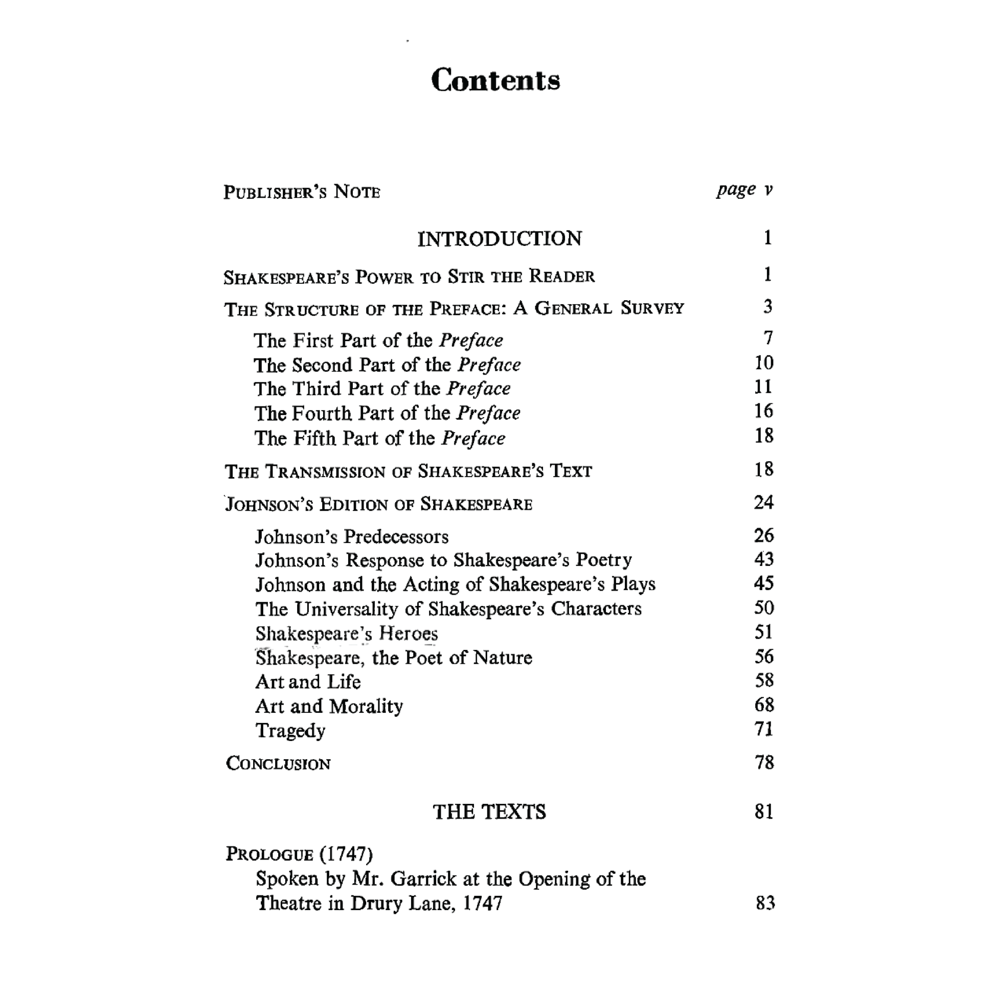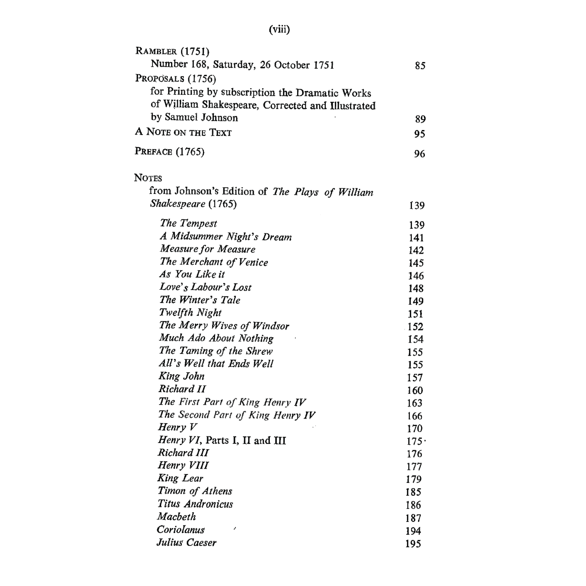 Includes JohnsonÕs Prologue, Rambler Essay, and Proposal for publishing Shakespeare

•••••

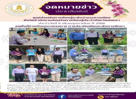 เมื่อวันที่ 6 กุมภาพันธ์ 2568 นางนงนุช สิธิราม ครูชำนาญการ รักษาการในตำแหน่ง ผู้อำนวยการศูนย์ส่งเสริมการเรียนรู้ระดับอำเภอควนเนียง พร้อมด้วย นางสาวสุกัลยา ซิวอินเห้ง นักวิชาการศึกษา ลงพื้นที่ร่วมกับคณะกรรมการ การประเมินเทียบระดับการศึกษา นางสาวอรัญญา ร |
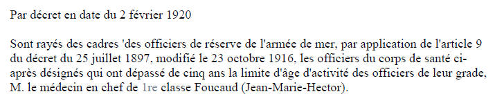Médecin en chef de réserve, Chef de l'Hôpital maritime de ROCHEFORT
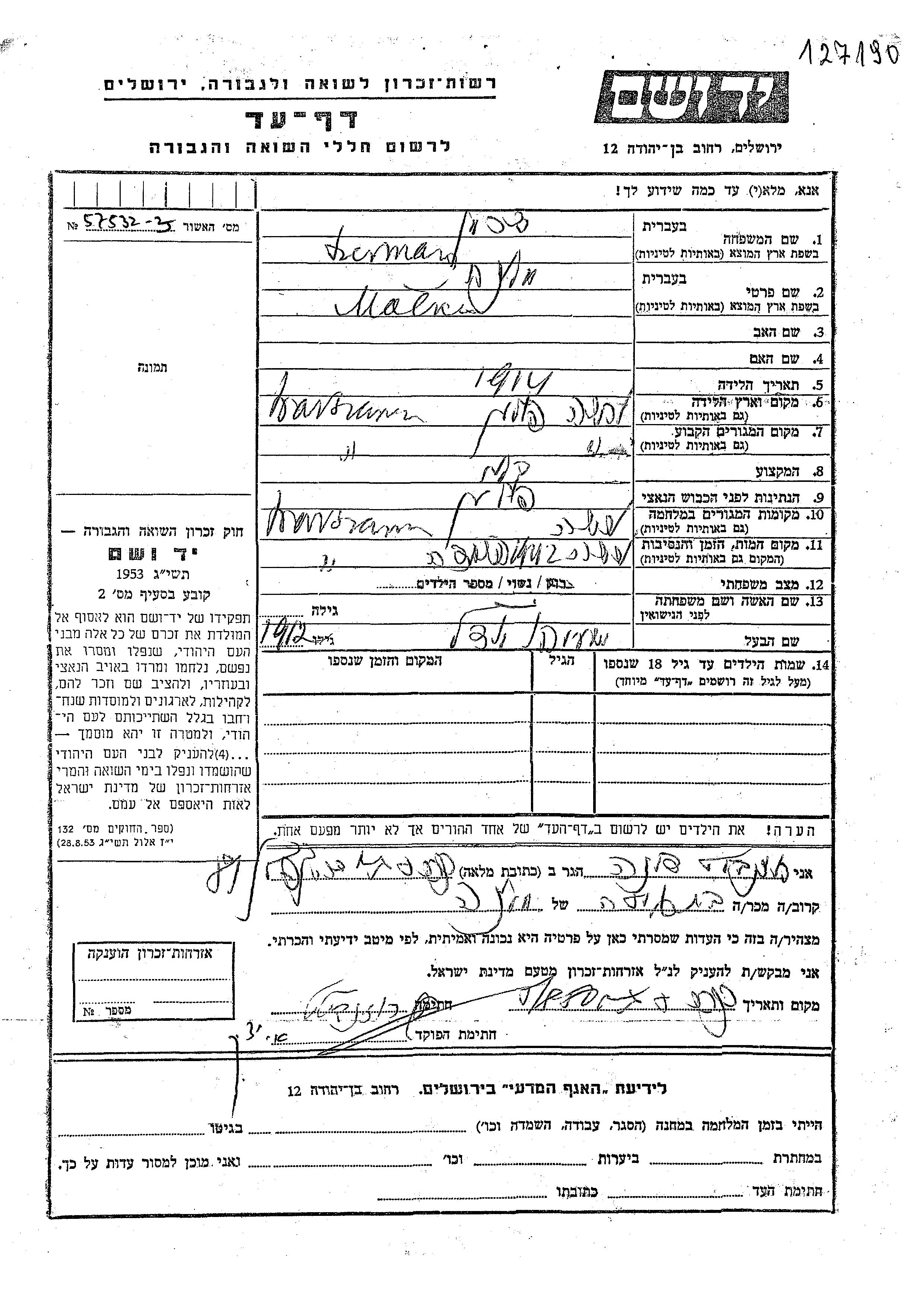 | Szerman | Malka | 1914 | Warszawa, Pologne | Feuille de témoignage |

•••••

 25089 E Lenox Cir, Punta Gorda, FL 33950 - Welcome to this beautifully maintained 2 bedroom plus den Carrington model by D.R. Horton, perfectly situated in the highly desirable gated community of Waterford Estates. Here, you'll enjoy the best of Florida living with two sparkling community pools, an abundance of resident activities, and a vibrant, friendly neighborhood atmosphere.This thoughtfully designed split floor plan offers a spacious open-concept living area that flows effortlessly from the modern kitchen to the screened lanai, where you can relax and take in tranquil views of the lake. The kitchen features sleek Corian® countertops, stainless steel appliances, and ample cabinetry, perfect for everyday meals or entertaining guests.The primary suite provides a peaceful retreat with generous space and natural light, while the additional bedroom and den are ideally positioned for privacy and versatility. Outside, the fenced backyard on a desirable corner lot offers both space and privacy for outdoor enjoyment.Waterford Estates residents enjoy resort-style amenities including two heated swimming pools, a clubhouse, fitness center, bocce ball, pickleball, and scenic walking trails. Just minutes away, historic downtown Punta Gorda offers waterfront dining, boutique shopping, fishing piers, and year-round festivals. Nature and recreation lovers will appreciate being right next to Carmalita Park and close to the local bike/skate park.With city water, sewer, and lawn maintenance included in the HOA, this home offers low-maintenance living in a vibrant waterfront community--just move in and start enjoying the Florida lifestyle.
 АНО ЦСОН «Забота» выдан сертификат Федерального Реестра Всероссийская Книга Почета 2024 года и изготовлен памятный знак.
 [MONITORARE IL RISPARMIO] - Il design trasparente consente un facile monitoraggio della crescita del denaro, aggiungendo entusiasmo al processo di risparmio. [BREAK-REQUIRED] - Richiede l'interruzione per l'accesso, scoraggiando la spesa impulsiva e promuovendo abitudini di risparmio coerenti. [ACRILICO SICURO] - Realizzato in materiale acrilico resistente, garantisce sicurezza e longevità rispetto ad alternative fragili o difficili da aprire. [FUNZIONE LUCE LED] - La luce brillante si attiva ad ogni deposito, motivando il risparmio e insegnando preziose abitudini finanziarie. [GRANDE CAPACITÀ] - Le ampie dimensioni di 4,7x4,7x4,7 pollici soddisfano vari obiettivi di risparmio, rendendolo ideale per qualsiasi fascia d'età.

•••••

--- Exercise details ---
Exactly the lines starting at the one above with "เมื่อวันที่ 6 กุมภาพันธ์" and ending at the one with "de témoignage |" should be printed, and nothing else. Omit the pictures.

--- Solution to this task ---
 เมื่อวันที่ 6 กุมภาพันธ์ 2568 นางนงนุช สิธิราม ครูชำนาญการ รักษาการในตำแหน่ง ผู้อำนวยการศูนย์ส่งเสริมการเรียนรู้ระดับอำเภอควนเนียง พร้อมด้วย นางสาวสุกัลยา ซิวอินเห้ง นักวิชาการศึกษา ลงพื้นที่ร่วมกับคณะกรรมการ การประเมินเทียบระดับการศึกษา นางสาวอรัญญา ร |
Médecin en chef de réserve, Chef de l'Hôpital maritime de ROCHEFORT
 | Szerman | Malka | 1914 | Warszawa, Pologne | Feuille de témoignage |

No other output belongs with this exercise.